◆ What the task requires ◆
With all pictures excluded, restate the records that follow exactly as written.

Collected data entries
++++++++

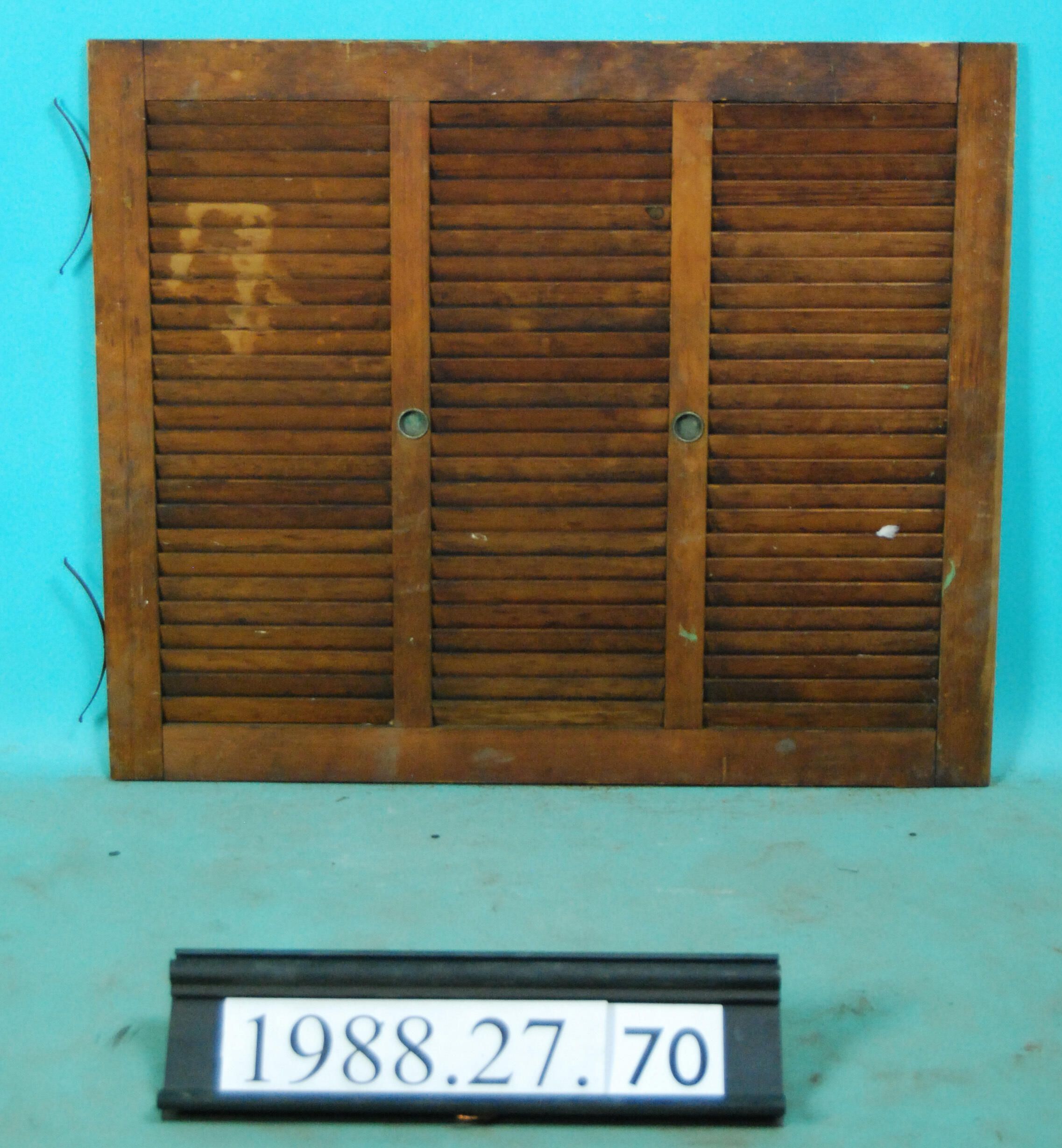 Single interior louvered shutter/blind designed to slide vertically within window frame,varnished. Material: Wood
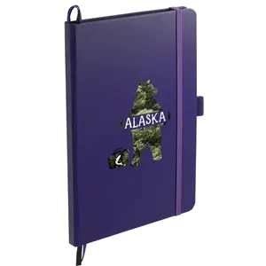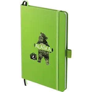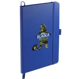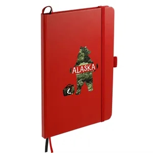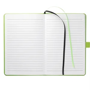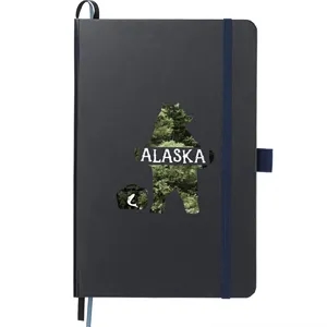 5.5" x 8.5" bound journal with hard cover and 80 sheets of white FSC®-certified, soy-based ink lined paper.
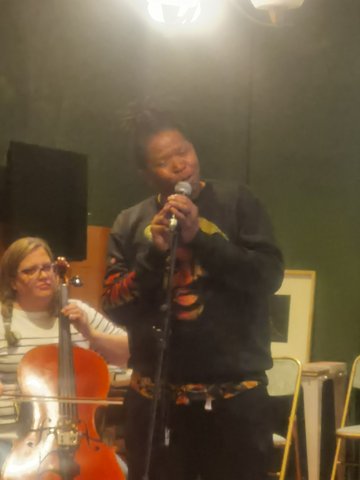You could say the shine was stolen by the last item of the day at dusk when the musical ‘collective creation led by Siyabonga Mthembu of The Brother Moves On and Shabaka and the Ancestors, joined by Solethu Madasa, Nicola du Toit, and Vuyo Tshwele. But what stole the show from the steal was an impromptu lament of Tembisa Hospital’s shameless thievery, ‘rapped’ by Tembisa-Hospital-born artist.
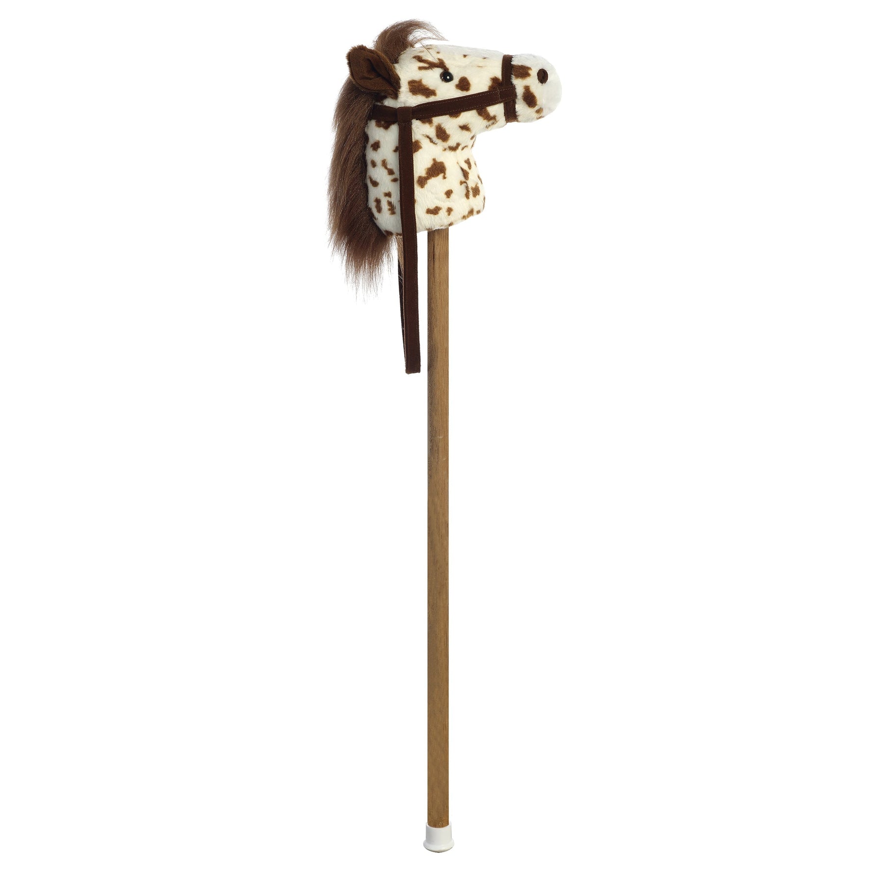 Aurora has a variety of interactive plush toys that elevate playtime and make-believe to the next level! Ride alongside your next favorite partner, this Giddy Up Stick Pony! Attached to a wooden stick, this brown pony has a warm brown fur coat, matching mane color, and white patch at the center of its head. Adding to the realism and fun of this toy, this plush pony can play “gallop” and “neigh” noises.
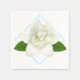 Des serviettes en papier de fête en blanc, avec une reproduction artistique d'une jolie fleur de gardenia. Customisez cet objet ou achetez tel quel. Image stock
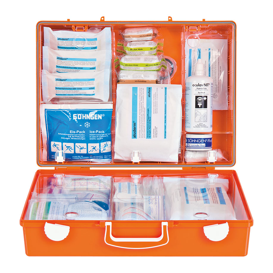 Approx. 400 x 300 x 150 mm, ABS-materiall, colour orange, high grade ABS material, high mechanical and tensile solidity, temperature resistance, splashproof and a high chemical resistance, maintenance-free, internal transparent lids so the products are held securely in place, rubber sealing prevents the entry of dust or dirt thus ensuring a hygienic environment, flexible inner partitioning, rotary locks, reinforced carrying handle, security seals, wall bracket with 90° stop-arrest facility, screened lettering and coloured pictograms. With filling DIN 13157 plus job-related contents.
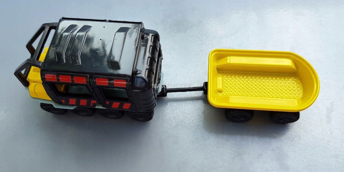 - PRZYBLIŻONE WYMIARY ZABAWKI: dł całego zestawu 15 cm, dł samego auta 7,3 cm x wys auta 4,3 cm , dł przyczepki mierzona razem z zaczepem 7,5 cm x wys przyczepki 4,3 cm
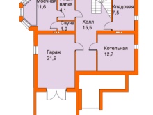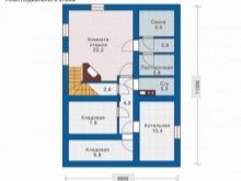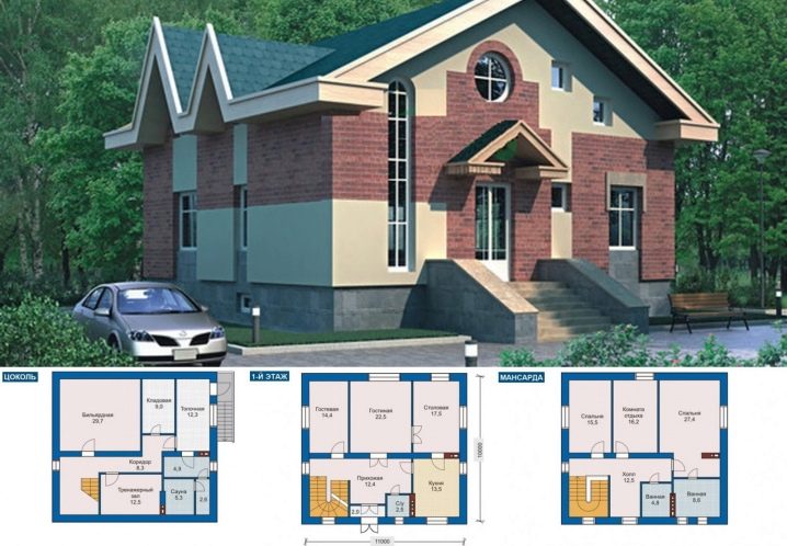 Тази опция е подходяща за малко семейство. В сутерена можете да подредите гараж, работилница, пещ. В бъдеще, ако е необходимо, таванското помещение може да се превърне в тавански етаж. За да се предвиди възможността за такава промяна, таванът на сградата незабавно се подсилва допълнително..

++++++++

◆ Result of this task ◆
 Single interior louvered shutter/blind designed to slide vertically within window frame,varnished. Material: Wood
 5.5" x 8.5" bound journal with hard cover and 80 sheets of white FSC®-certified, soy-based ink lined paper.
You could say the shine was stolen by the last item of the day at dusk when the musical ‘collective creation led by Siyabonga Mthembu of The Brother Moves On and Shabaka and the Ancestors, joined by Solethu Madasa, Nicola du Toit, and Vuyo Tshwele. But what stole the show from the steal was an impromptu lament of Tembisa Hospital’s shameless thievery, ‘rapped’ by Tembisa-Hospital-born artist.
 Aurora has a variety of interactive plush toys that elevate playtime and make-believe to the next level! Ride alongside your next favorite partner, this Giddy Up Stick Pony! Attached to a wooden stick, this brown pony has a warm brown fur coat, matching mane color, and white patch at the center of its head. Adding to the realism and fun of this toy, this plush pony can play “gallop” and “neigh” noises.
 Des serviettes en papier de fête en blanc, avec une reproduction artistique d'une jolie fleur de gardenia. Customisez cet objet ou achetez tel quel. Image stock
 Approx. 400 x 300 x 150 mm, ABS-materiall, colour orange, high grade ABS material, high mechanical and tensile solidity, temperature resistance, splashproof and a high chemical resistance, maintenance-free, internal transparent lids so the products are held securely in place, rubber sealing prevents the entry of dust or dirt thus ensuring a hygienic environment, flexible inner partitioning, rotary locks, reinforced carrying handle, security seals, wall bracket with 90° stop-arrest facility, screened lettering and coloured pictograms. With filling DIN 13157 plus job-related contents.
 - PRZYBLIŻONE WYMIARY ZABAWKI: dł całego zestawu 15 cm, dł samego auta 7,3 cm x wys auta 4,3 cm , dł przyczepki mierzona razem z zaczepem 7,5 cm x wys przyczepki 4,3 cm
 Тази опция е подходяща за малко семейство. В сутерена можете да подредите гараж, работилница, пещ. В бъдеще, ако е необходимо, таванското помещение може да се превърне в тавански етаж. За да се предвиди възможността за такава промяна, таванът на сградата незабавно се подсилва допълнително..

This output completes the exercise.